WHAT TO WORK ON =>
Lines from the one with "MARSIGLIA: Si balla" up to and including the one with "ねがいごと、叶うといいな (白浜幼稚園 七夕まつり)" are to be copied exactly from the records below, without their pictures.

INPUT =>
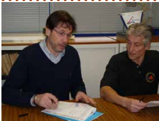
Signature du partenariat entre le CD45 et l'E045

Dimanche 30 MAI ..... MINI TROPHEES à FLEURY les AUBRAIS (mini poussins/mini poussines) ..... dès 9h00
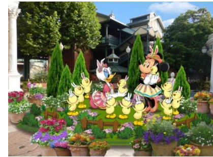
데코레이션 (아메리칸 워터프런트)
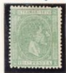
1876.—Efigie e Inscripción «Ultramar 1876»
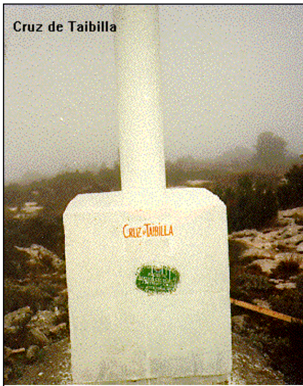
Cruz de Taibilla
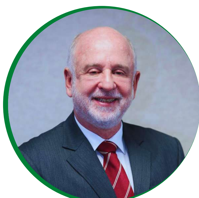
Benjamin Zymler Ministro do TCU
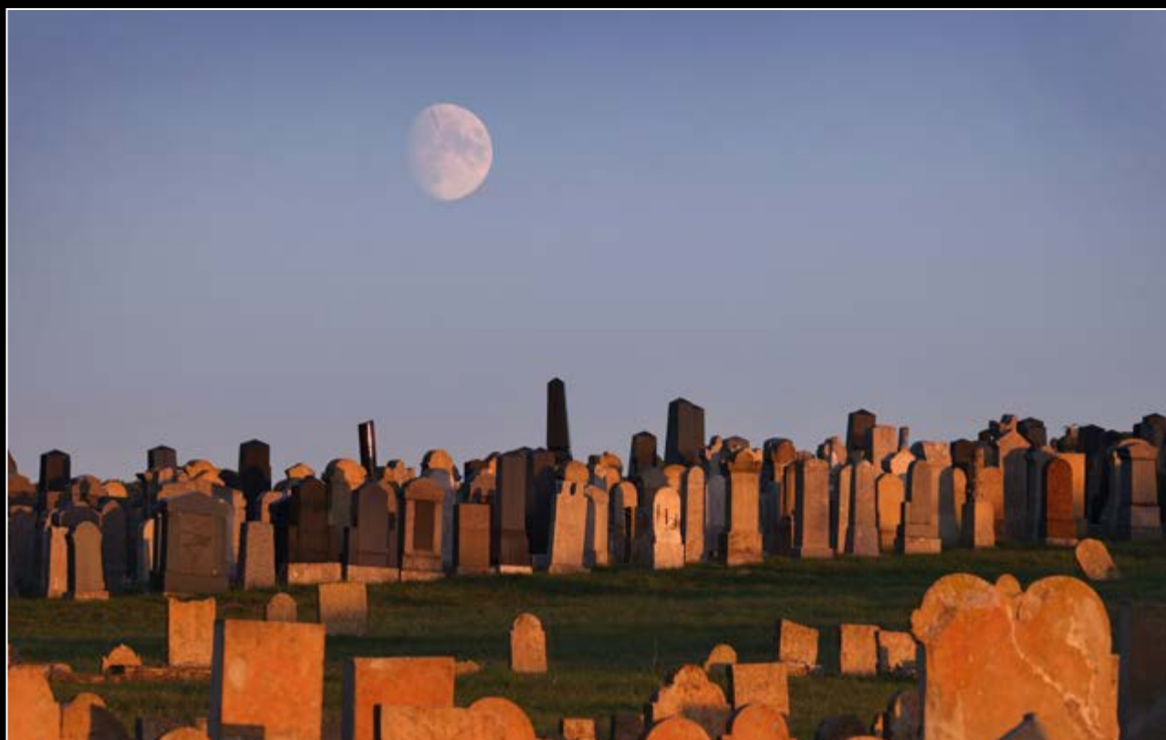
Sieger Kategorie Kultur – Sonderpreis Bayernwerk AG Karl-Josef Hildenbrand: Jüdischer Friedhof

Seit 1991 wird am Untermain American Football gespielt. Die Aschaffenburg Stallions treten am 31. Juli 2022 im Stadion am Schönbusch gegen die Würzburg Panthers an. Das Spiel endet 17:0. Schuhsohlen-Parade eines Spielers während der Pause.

--

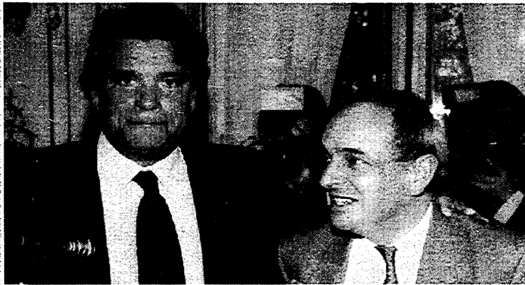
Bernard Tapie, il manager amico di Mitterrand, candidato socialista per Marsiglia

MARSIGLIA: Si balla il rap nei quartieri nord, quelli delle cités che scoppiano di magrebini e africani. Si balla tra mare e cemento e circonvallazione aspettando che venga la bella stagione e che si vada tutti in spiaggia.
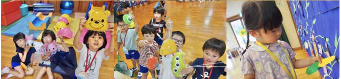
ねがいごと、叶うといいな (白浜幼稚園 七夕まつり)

REPLY =>
MARSIGLIA: Si balla il rap nei quartieri nord, quelli delle cités che scoppiano di magrebini e africani. Si balla tra mare e cemento e circonvallazione aspettando che venga la bella stagione e che si vada tutti in spiaggia.
ねがいごと、叶うといいな (白浜幼稚園 七夕まつり)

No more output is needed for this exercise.